** Try it **
Repeat the data verbatim, images excluded.

** Dataset content **
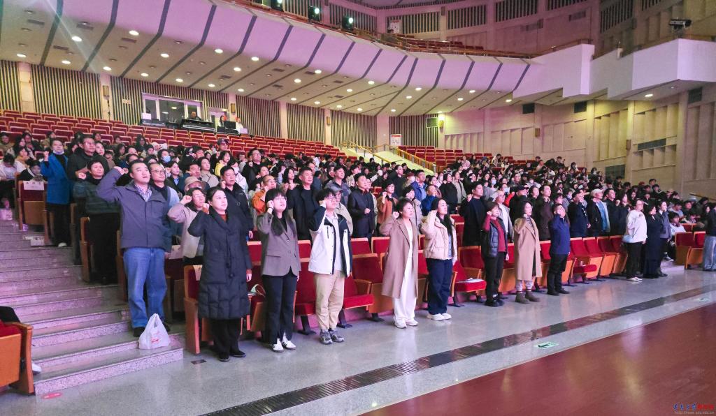 在王靜怡院長的領誓下,全體教職工重溫青島大學教師誓詞。
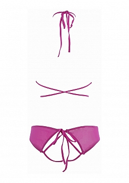 This set is mix of Sporty & Spice, with the classic halter barely covering your assets and circling the under bust & waist for maximum drama. Fully open panty with strappy lace up back. What more could you dream of?
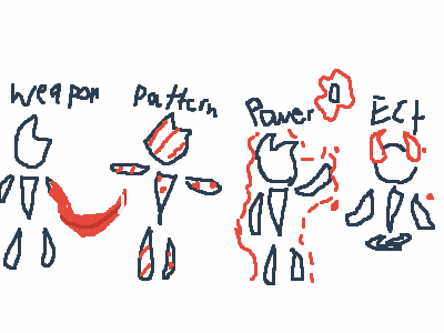 TRAngAthere are multiple diffrent variations of godmode, it varies between person, weapon summons a weapon to fight with, pattern is just a variation of godmode apperance, power allows some things to happen like auras and beams as well as telekenisis, ect. is just other godmode variations, like rezzy has a godmode type where he focuses the power in a certain spot to maximize damage.

** Answer section **
 在王靜怡院長的領誓下,全體教職工重溫青島大學教師誓詞。
 This set is mix of Sporty & Spice, with the classic halter barely covering your assets and circling the under bust & waist for maximum drama. Fully open panty with strappy lace up back. What more could you dream of?
 TRAngAthere are multiple diffrent variations of godmode, it varies between person, weapon summons a weapon to fight with, pattern is just a variation of godmode apperance, power allows some things to happen like auras and beams as well as telekenisis, ect. is just other godmode variations, like rezzy has a godmode type where he focuses the power in a certain spot to maximize damage.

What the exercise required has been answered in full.